1 Biomass energy conversion

There are multiple methods for the conversion of biomass energy. Generally, the biomass is transformed into a more easily manageable form (solid, liquid or gaseous bio-fuel) in which it is used [1, 3, 5]. Before proceeding with the analysis of the main modalities of biomass energy conversion, it is important to note that conver­sion is only one aspect of the wider problem, which includes, on one hand, the present reality or the eventual future situation where the biomasses are produced and, on the other hand, the possible utilization of the deliverable energies. The resulting circuit is depicted as follows:

Production-Collection-Conversion-Utilization

This has to be studied in an optimal context that includes extensive co-ordinated initiatives and interventions with both public and the entrepreneurial support. The biomass energy conversion processes are divided into biochemical and thermochemical processes [3-5, 34, 35]:

• Biochemical conversion processes allow to exploit the energy obtained through chemical reactions, due to the action of enzymes, fungi and micro-organisms, that take place in the biomass under particular conditions. These processes are suitable for those biomasses in which the C/N ratio is lower than 30 and the humidity at the time of collection is higher than 30%. Water cultivations that are appropriate for biochemical conversion include the by-products of some cul­tures (leaves and beet stems, vegetable garden, potato, etc.), livestock sewage wastes and some working wastes (pot ale, vegetation water, etc.) as well as the heterogeneous stored biomasses in the controlled biomasses.

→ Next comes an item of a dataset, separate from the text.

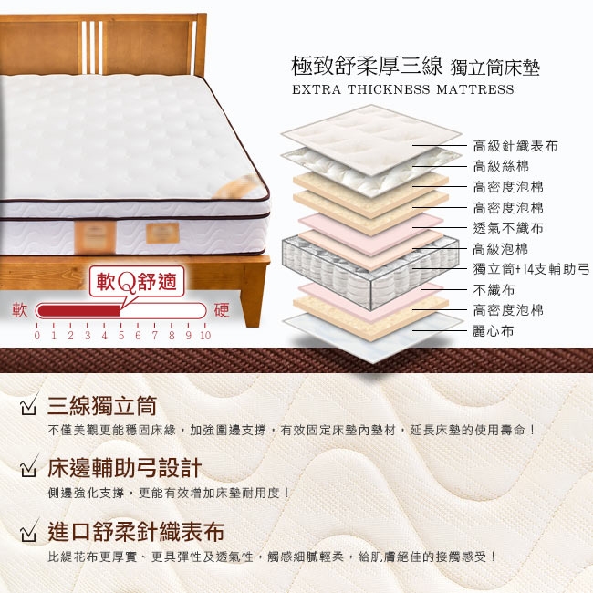 三線獨立筒,不僅美觀更能穩固床緣,有效固定床墊內墊材延長床墊的使用壽命!

• Thermochemical processes are based on the action of heat which allows the chemical reactions that are necessary to transform the material into energy to take place. These processes are suitable for products such as cellulose and wooden residuals in which the C/N ratio has values higher than 30 and the humidity content does go beyond 30%. The most appropriate biomasses for

thermochemical conversion processes are wood and all its by-products (sawdust, shavings, etc.), the most common cultural by-products of the lignocellulosic kind (straw of cereals and orchards, vine pruning residuals, etc.) and working wastes (such as husk, chaff, hulls, hazels).

Of the several technologies available for energy conversion of biomasses, some of them can be considered to be at the development level to allow their utilization on an industrial scale, while others, on the contrary, need further experimentation to raise their efficiencies and reduce the energy conversion costs.

Usually, upstream, all the conversion processes require appropriate base material for pre-treatment, which can include water washing, drying with mechanical or thermal instruments (pressing), reduction into smaller dimensions, densification (pelletization and briquetting) and separation of the fibres (extraction with solvents). Even the final product, depending on its use, must be treated to separate them (e. g. from the substrate that does not react, catalysts, micro-organisms and solvents), purify them and concentrate them. Depending on the application, we resort to sedimentation, filtration, centrifugation, distillation, absorption and extraction with solvents [4].